Please write out exactly the lines from the one with "Attention EDMS families" through the end of the data below, both ends included, and omit any pictures.

** Entries supplied follows **

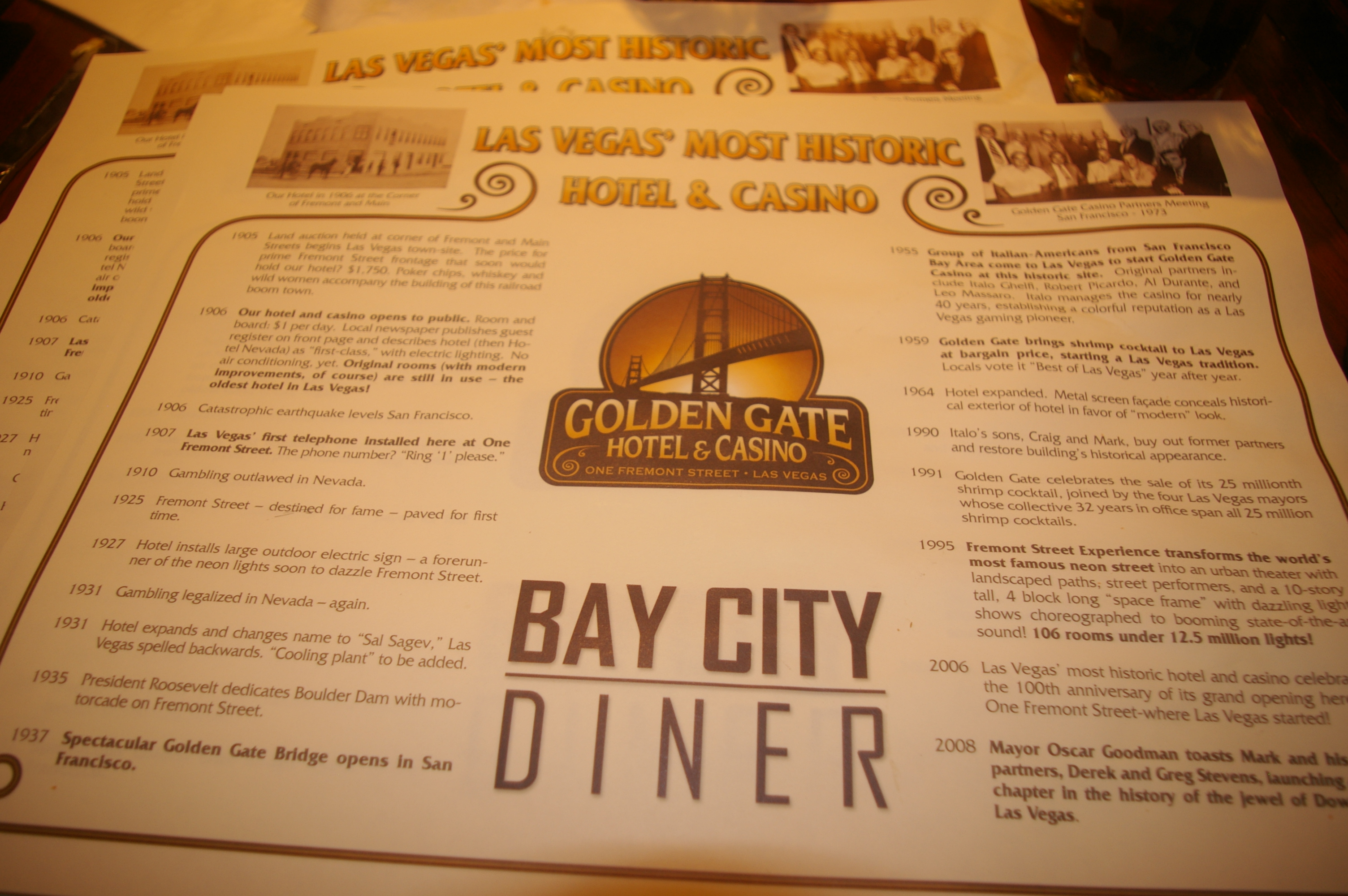 | The menu for the Bay City Diner, a San Francisco theme restaurant inside the Golden Gate Casino. The Hotel and Casino opened the same year of the San Francisco earthquake and fire. Outside the casino on the street was a steel cage that would provide motorcycle entertainment that amazed us. See the video. Also above us was the four block long video display rang out Don McLean's American Pie. | ||||
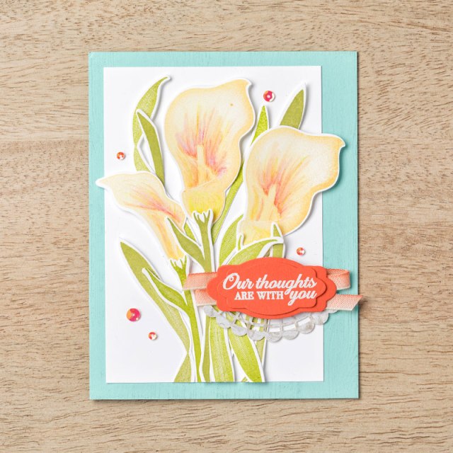 Here are a few samples created using the Sale-a-bration sets with their coordinating dies … Let’s begin with the beautiful Lasting Lily Stamp Set and coordinating Lily Framelits Dies. The dies make layering your lilies so easy and creates a stunning card with dimension and texture.
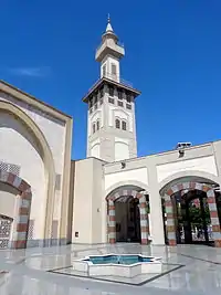 La altura de toda la edificación no supera los dos pisos de altura, con excepción de los dos minaretes, las torres gemelas que se destacan en el predio. Para acceder hasta sus ventanas superiores hay que trepar 160 escalones, los últimos 13 en una especie de escalera marinera, completamente vertical. Todo el complejo está despojado de adornos, y las paredes están pintadas de un color crema. La edificación, con ventanales característicos de la arquitectura árabe, descansa sobre espaciosos jardines, verde inglés, adornados con palmeras.[4]
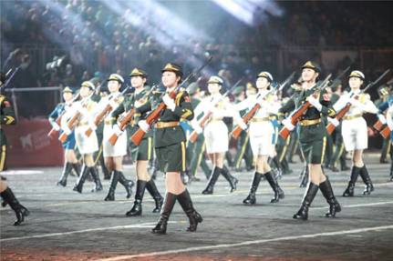 女仪仗队员走出国门参加俄罗斯“斯帕斯”军乐节。孙德玺 摄
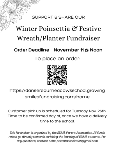 Attention EDMS families – there is only 1 week left to order your Winter Poinsettia’s and Festive Wreaths or Planters. Please visit the WEBSITE to place your orders!
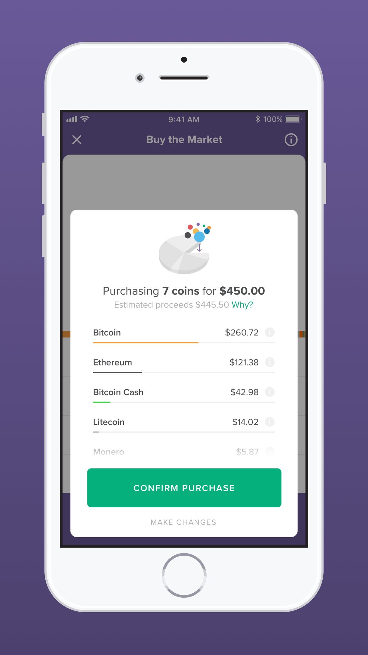 That’s why Circle has created a button that lets you buy all coins available on Circle Invest, weighted depending on their respective market capitalization. The total market cap of Bitcoin is much higher than the total market cap of Zcash, so you’ll end up with more Bitcoin than Zcash.

** End of Entries supplied **

Exercise result
 Attention EDMS families – there is only 1 week left to order your Winter Poinsettia’s and Festive Wreaths or Planters. Please visit the WEBSITE to place your orders!
 That’s why Circle has created a button that lets you buy all coins available on Circle Invest, weighted depending on their respective market capitalization. The total market cap of Bitcoin is much higher than the total market cap of Zcash, so you’ll end up with more Bitcoin than Zcash.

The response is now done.